A ausência absoluta da presença do estado na definição de políticas públicas não pode ser uma solução para problema tão grave como manter quase 18% da população do estado, aproximadamente 4 milhões de mineiros, sem abastecimento de água adequado. Como tratar ideologicamente uma questão que é absolutamente fundamental à vida de parcela tão expressiva da sociedade mineira? É possível que a população mineira seja representada por pessoas cujo espírito de solidariedade seja praticamente inexistente?
As perguntas se referem ao absurdo que é contratar os estudos do BNDES enquanto os trabalhos relativos ao PESB ainda se encontram em fase de diagnóstico e podem apontar à sua conclusão caminho diverso da pretendida desestatização das empresas estaduais de saneamento. Mais do que isso, nos parece cada vez mais claro a necessidade da participação efetiva do estado no sentido de promover efetivamente a universalização dos serviços, uma vez que as políticas implementadas pelas estatais mineiras não contribuem sequer para acompanhar o crescimento vegetativo da população, o que dirá para a obtenção dos serviços de abastecimento de universalizados.
Melhor explicando, a empresa estadual, maior responsável pelos investimentos em saneamento no estado, sejam eles em água ou esgoto, nos últimos anos focou na lucratividade da companhia em detrimento da expansão dos serviços de água e/ou esgoto para a população. E este foco na lucratividade tem endereço certo, distribuir dividendos para os acionistas, cujo maior deles é o próprio estado, que enfrenta dificuldades de caixa desde 2013.

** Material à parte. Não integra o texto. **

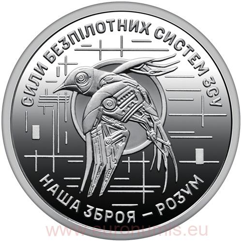 Táto minca oslavuje samostatnú zložku armády, ktorá zohráva kľúčovú úlohu v modernom vojnovom konflikte. Bezpilotné letecké sily (UAVF) ukrajinských ozbrojených síl systematicky využívajú vzdušné, námorné a pozemné bezpilotné a robotické systémy na vykonávanie širokej škály bojových misií v asymetrickej konfrontácii. Táto minca vzdáva hold príspevku personálu UAVF k obrane územnej celistvosti Ukrajiny a symbolizuje inovácie, technologickú prevahu a inteligenciu ukrajinskej armády.

A principal empresa de saneamento do estado tem funcionado como uma empresa privada e não cumpre seu papel de ampliar sua participação no universo de municípios mineiros, pois aqueles que ainda não se conveniaram com a companhia são, na sua grande maioria, municípios pequenos e com baixa rentabilidade sob a responsabilidade de administrações municipais. Normalmente a objeção interposta ao não atendimento dos municípios recai na conhecida máxima das empresas privadas de que tais sistemas “quebrariam valor da Companhia”. Para além disso, a empresa não cuida de maneira sistemática do saneamento rural no estado[3] deixando outra grande parcela da população efetivamente descoberta no que diz respeito aos serviços de saneamento.

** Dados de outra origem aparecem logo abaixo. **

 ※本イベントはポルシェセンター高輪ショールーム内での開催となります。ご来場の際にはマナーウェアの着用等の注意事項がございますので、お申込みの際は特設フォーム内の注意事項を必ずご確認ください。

Cabe discordar de Otto Lara Resende: é necessário demonstrar solidariedade entre nós mineiros para além do câncer. É necessário que nesta quadra tão conturbada da nossa existência reservemos um pouco de tempo para incluir em nossas reflexões quais devem ser os caminhos a seguir para atingirmos a universalização do saneamento em nosso estado.
Qualquer que sejam as soluções resultantes do estudo do BNDES ou do PESB, elas deverão apontar os caminhos para se atender às populações rurais e das pequenas localidades espalhadas pelo estado. Caso contrário, enfrentaremos mais uma década perdida na busca da universalização do saneamento em Minas.
[1] Engenheiro Civil e Sanitarista, MBA em gestão de empresas de saneamento. Diretor da H&A Saneamento.
[2] Em 2011 as informações enviadas ao SNIS representavam 97,1% da população total do estado. Já em 2019 este número era de 98,8% da população total estimada para o estado pelo IBGE.
[3] A população rural do estado é estimada em torno de 3,6 milhões. A Copanor é uma subsidiária da Copasa que atua na região nordeste do estado (vales dos rios Jequitinhonha, Mucuri e São Mateus) e atende localidades com população entre 200 e 5.000 habitantes. No entanto a maior parcela da população atendida pela Copanor não é rural, fazendo parte da população urbana em vilas e distritos, além de algumas sedes municipais.